The anime covers the first 24 chapters of the Manga with an original episode as the finale.

====Episodes====

| No. | Title | Directed by | Written by | Storyboarded by | Original release date |
| 1 | "First Love Is Like a Nasty Disease That Everyone Catches Once" Transliteration: "Hatsukoi to wa Dare Mo ga Ichi Do wa Kakaru Shitsu no Warui Yamaidearu." (Japanese: 初恋とは誰もが一度はかかる質の悪い病である。) | Hiroshi Ishiodori | Aya Yoshinaga | Haruka Kanbara | April 5, 2024 |
In the forest path that crosses the sorcerer Zagan's backyard, a young red-haired girl is attacked and about to be killed by a man who can change his face. Irritated at the disturbance, Zagan appears and easily kills the attacker, causing the girl to faint. Unsure what to do with her, he cleans up the mess he made and leaves her on the road for passing travelers to find. A neighboring sorcerer, Barbatos, appears and invites Zagan to join him as he visits the auction of an Archdemon who died recently. At the auction, it is revealed that the Archdemon had purchased a rare and gorgeous young elf girl as a slave and she was currently up for grabs, with a starting bid of ten thousand gold. Falling in love at first sight, Zagan immediately bids his entire fortune of one million gold and purchases her outright. Bringing her home he realizes he has no idea how to properly communicate with her and everything he says terrifies her. After repeatedly freaking her out with his curt speech and thunderous displays of power, and after reassuring her over and over again that he has no intentions of killing her or using her as a sacrifice, he prepares a room at the top of a tower, with a beautiful view of the entire countryside, for the elf girl to stay in.

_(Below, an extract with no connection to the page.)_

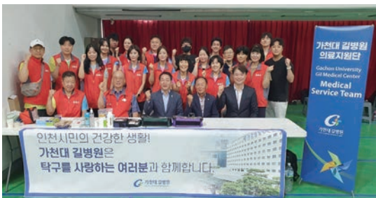
가천대 길병원, 인천시장배 탁구대회 의료지원 봉사단 파견 (8/17~18)

가천대 길병원에서 개발 중인 인공지능 위암 예측 소프트웨어가 최근 식품의약품안전처 의료기기 제조 허가를 획득했다. 가천대 길병원은 과학기술정보통신부, 정보통신산업진흥원이 주관하는 '시정밀의료솔루션(닥터앤서
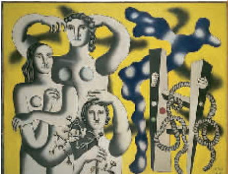
费尔南·莱热《三个肖像的构图》1932年，布面油画，蓬皮杜现代艺术中心藏。

| 2 | "First Love with Social Anxiety Tastes a Lot Like Moldy Bread" Transliteration: "Komyushō no Hatsukoi wa Kabita Pan no Aji ni Niteiru" (Japanese: コミュ障の初恋はカビたパンの味に似ている) | Hiroshi Ishidori | Aya Yoshinaga | Kazue Komatsu | April 12, 2024 |
After a very bland breakfast, Zagan realizes he has no idea what normal people eat. Nephy offers to make him a homecook meal, and the 2 sets off to buy ingredients from a nearby town. Zagan realizes on the way that he spent all his money buying Nephy and debates on what to do when highwaymen attack the merchant carriage that was nearby, he defends it because of Nephy's request. In return he receives a hefty reward and is able to buy what he needs. He also found out the people were scared because of his facial expression but they knew he was not a bad sorcerer like the others since he saved a few of them.

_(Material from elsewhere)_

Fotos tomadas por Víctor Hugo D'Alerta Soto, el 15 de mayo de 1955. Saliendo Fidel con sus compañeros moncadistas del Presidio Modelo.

| 3 | "The Quieter They Are, The More Devastatingly Scary They Are When They're Angry" Transliteration: "Fudan Otonashī Ko Hodo Okoru to Hakai-teki ni Osoroshī" (Japanese: 普段おとなしい子ほど怒ると破壊的に恐ろしい) | Arisa Shima, Hiroshi Ishidori | Aya Yoshinaga | Hiroshi Ishidori | April 19, 2024 |
Chastille, the red-haired girl Zagan saved a while back, is revealed to be an Angelic Knight, as she and several others of her companions assault Zagan's castle. She knew he was not evil and the fight shakes her faith to her core even more. Zagan's unwilling to start stacking up bodies with Nephy around so he's mostly just on the defensive. When his hesitation puts him in danger, Nephy unleashes her strong innate powers to save him. The knights leave wounded and defeated leaving Chastille troubled by the events.
| 4 | "When An Archdemon Offers You Anything, You're Better Off Saying No" Transliteration: "Maō Kara no Kanyū toka Rokuna Koto ni Naranai kara, Kotowatta Kata ga Īi" (Japanese: 魔王からの勧誘とかロクなことにならないから、断った方がいい) | Shizuka Sugawara | Aya Yoshinaga | Minoru Ōhara | April 26, 2024 |
After the battle, Nephy takes care of Zagan. He finds out that her powers extend to healing as his injuries are gone. Zagan decides to take her on as an apprentice. Especially after a visit from another sorcerer, he confirms it. However, after being summoned by the 12 Archdemons and offered the position as the 13th Archdemon, he doubts he can give her a normal life and fears the other Archdemons will want to harm her, so he breaks the collar around her neck and tells her to leave. Nephy, heartbroken and betrayed, sits alone in the dark alleyway pondering what to do.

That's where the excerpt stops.